#### [INPUT DATA]
===

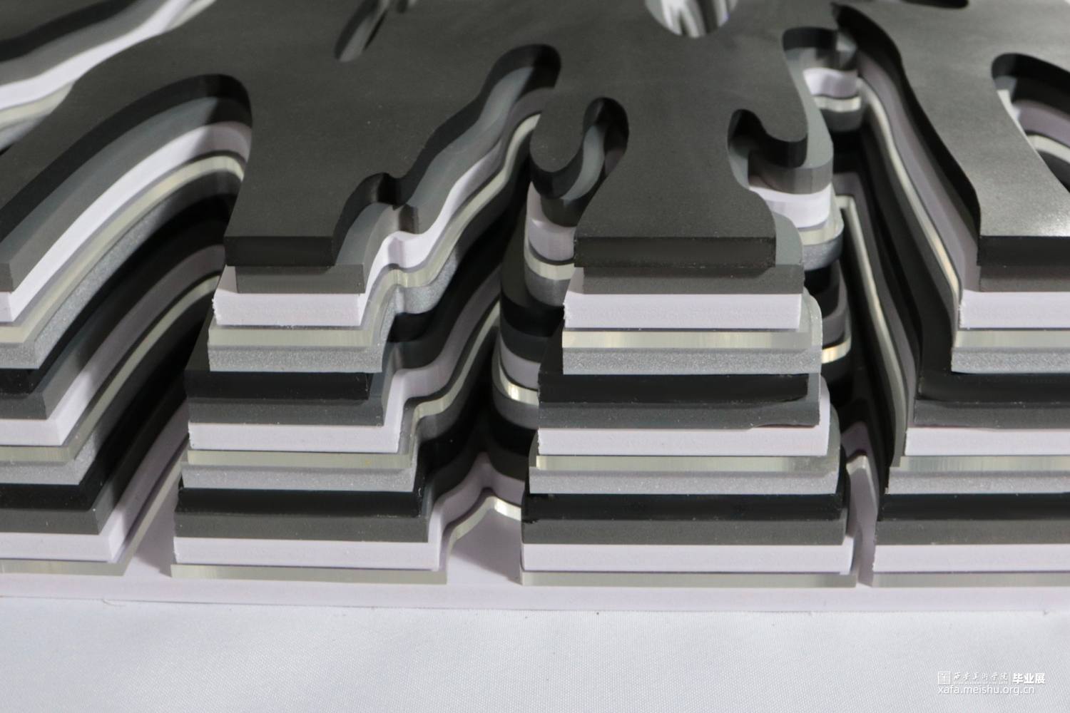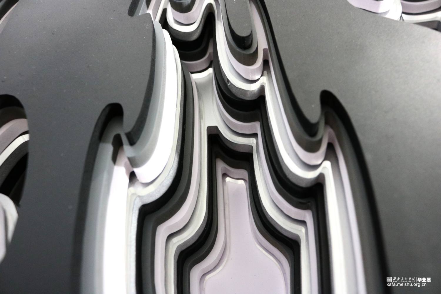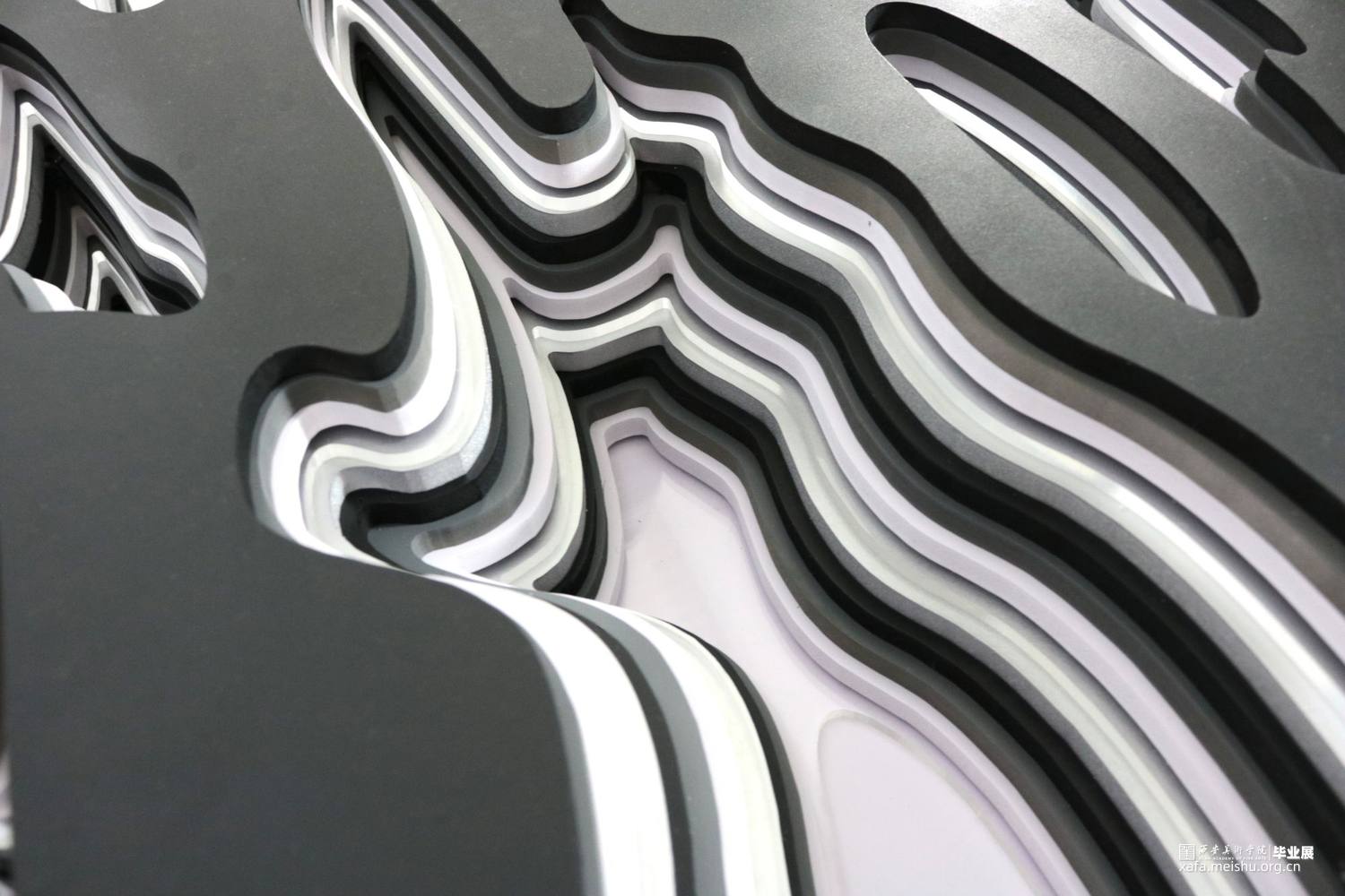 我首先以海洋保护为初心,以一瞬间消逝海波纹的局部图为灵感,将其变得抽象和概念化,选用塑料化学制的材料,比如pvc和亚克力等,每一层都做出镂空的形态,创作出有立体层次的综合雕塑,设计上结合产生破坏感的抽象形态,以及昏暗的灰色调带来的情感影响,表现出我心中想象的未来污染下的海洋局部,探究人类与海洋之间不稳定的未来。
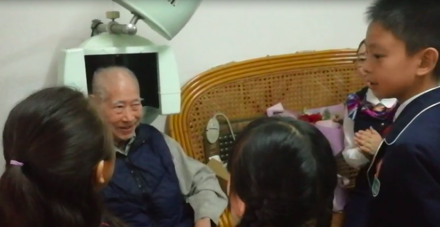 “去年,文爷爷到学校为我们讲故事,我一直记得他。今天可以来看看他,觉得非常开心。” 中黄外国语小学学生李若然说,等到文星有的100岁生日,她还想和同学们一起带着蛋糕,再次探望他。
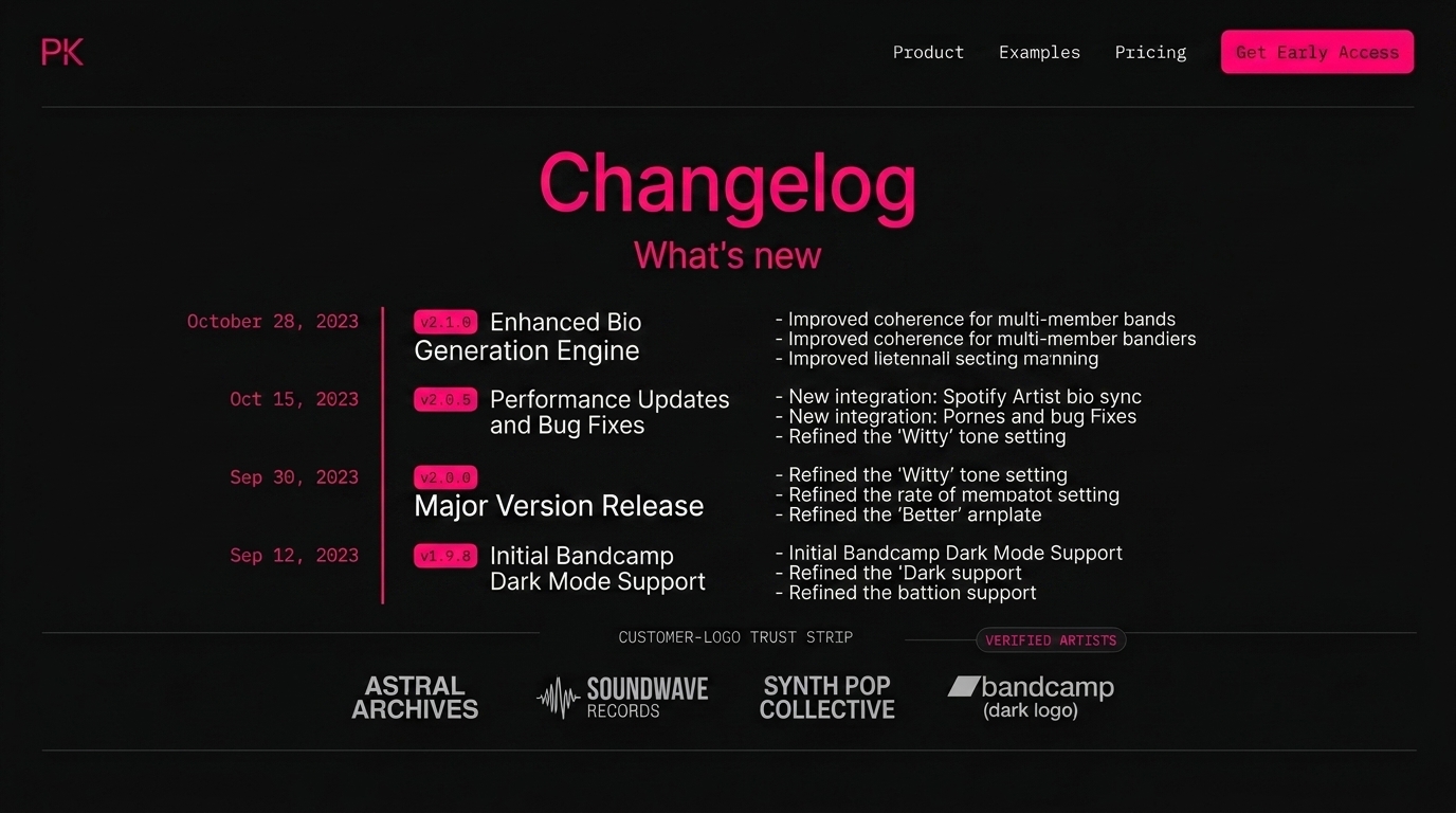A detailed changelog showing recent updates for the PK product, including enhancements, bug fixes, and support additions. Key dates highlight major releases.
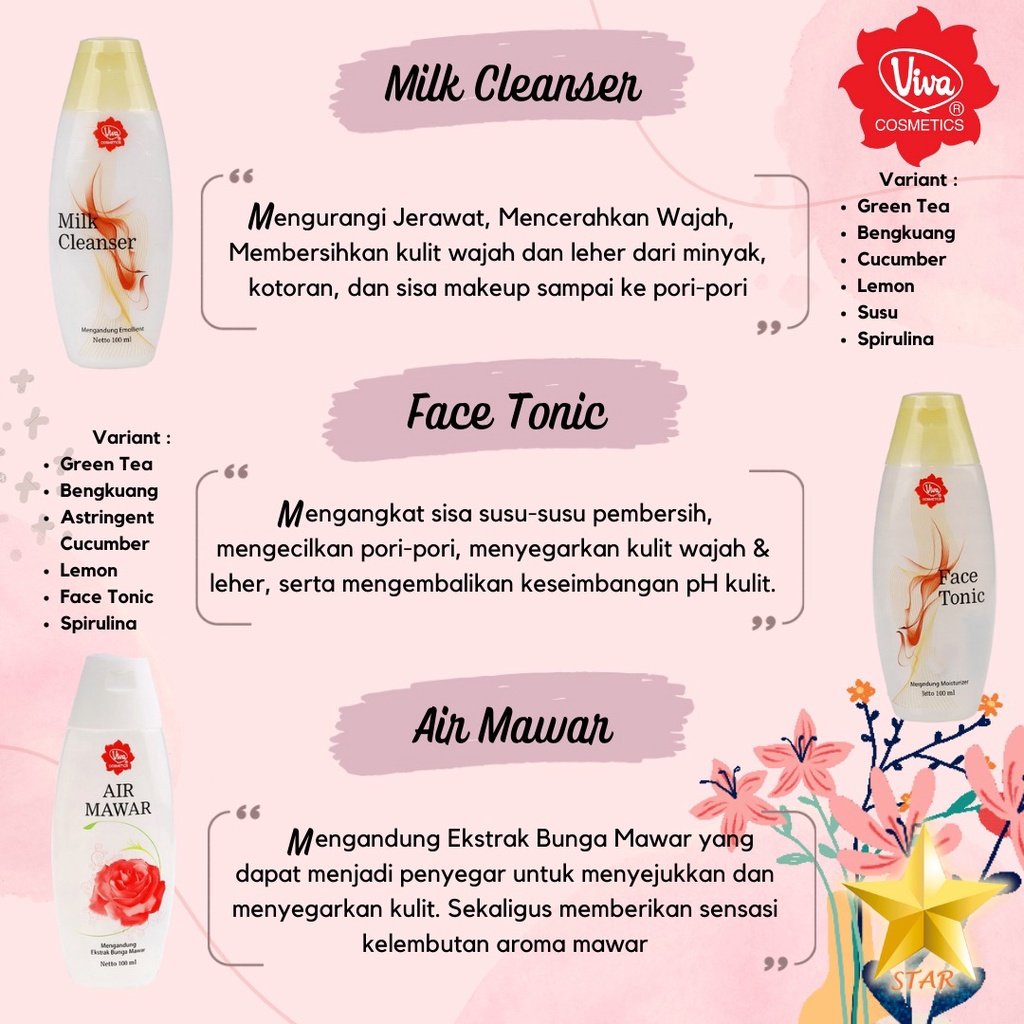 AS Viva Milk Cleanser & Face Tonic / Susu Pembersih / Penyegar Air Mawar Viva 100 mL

===

#### [TASK TO CARRY OUT]
Repeat the whole listing above word for word, but keep any picture out of it.

#### [FINAL ANSWER]
 我首先以海洋保护为初心,以一瞬间消逝海波纹的局部图为灵感,将其变得抽象和概念化,选用塑料化学制的材料,比如pvc和亚克力等,每一层都做出镂空的形态,创作出有立体层次的综合雕塑,设计上结合产生破坏感的抽象形态,以及昏暗的灰色调带来的情感影响,表现出我心中想象的未来污染下的海洋局部,探究人类与海洋之间不稳定的未来。
 “去年,文爷爷到学校为我们讲故事,我一直记得他。今天可以来看看他,觉得非常开心。” 中黄外国语小学学生李若然说,等到文星有的100岁生日,她还想和同学们一起带着蛋糕,再次探望他。
A detailed changelog showing recent updates for the PK product, including enhancements, bug fixes, and support additions. Key dates highlight major releases.
 AS Viva Milk Cleanser & Face Tonic / Susu Pembersih / Penyegar Air Mawar Viva 100 mL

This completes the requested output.